Page 2 - Seeking answers? Join the AnandTech community: where nearly half-a-million members share solutions and discuss the latest tech.

crashtech

Lifer
Jan 4, 2013
10,435
2,048
136
Latest:
WU Distribution Update

We are working towards resuming a consistent WU supply similar to what we had before the storage system failure. The recent sparsity of OPN1 WU was caused by a batch that has blocked the create-work process for all other projects. We have found and fixed the glitch, and the system is busy creating work for OPN1 right now. We still have an ARP1 backlog of unsent results (see ARP project update ), but we now have a spare capacity for a larger backlog. After OPN1 work units are prepared, the system will prepare ARP1 work units.

On the back end, we still had to finalize setup of the new storage as there was a networking issue that was preventing us from accessing the tape archive. Data center admins have helped to fix it, and the production system on the new storage is being backed up.

We continue to investigate the errors in the BOINC system services, specifically assimilators and validators. Unfortunately, the application is written such that an unexpected error halts the service (which happened when our storage system failed). We are attempting to clear out the problematic data to allow the applications to continue processing other results, but BOINC doesn't seem to have an easy method of flushing specific workunits or results out of its system.

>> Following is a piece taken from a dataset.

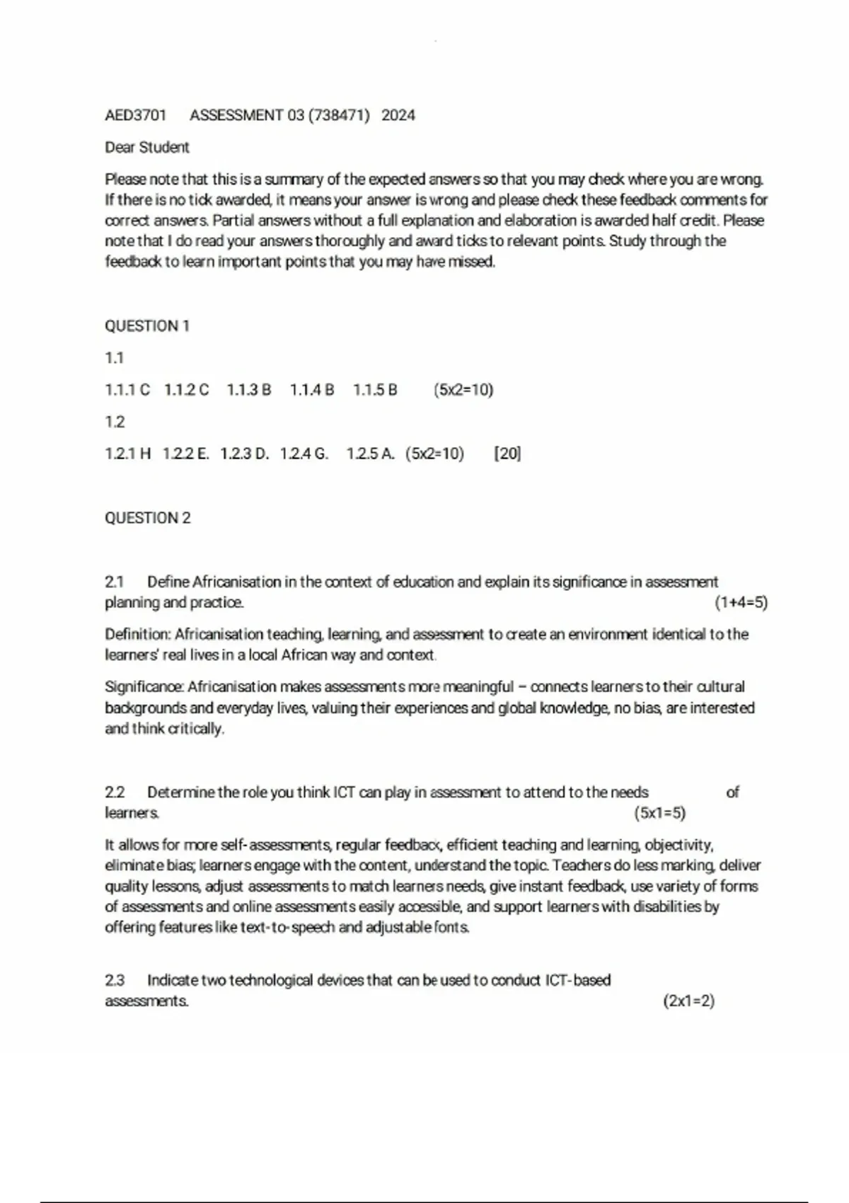 aed3701 assignment 3 memo test questions answers

If you have any comments or questions, please leave them in this thread for us to answer. Thank you for your support, patience and understanding.

WCG team

 

StefanR5R

Elite Member
Dec 10, 2016
5,181
7,091
136
I received ARP1 work (it's the only WCG subproject which I have selected currently), but its large result data are uploading very slowly — considerably slower than my own slowish internet uplink would allow. It's a combination of generally low transfer rate with occasional transient HTTP errors.

It's a good thing that the client eventually stops to request more work when there are too many uploads in progress (per project). Although right now this client-side stopper isn't even triggered, as the server-side ARP1 work supply appears to have dried out again already. (This subproject has always been submitting work in waves, not contiguously.)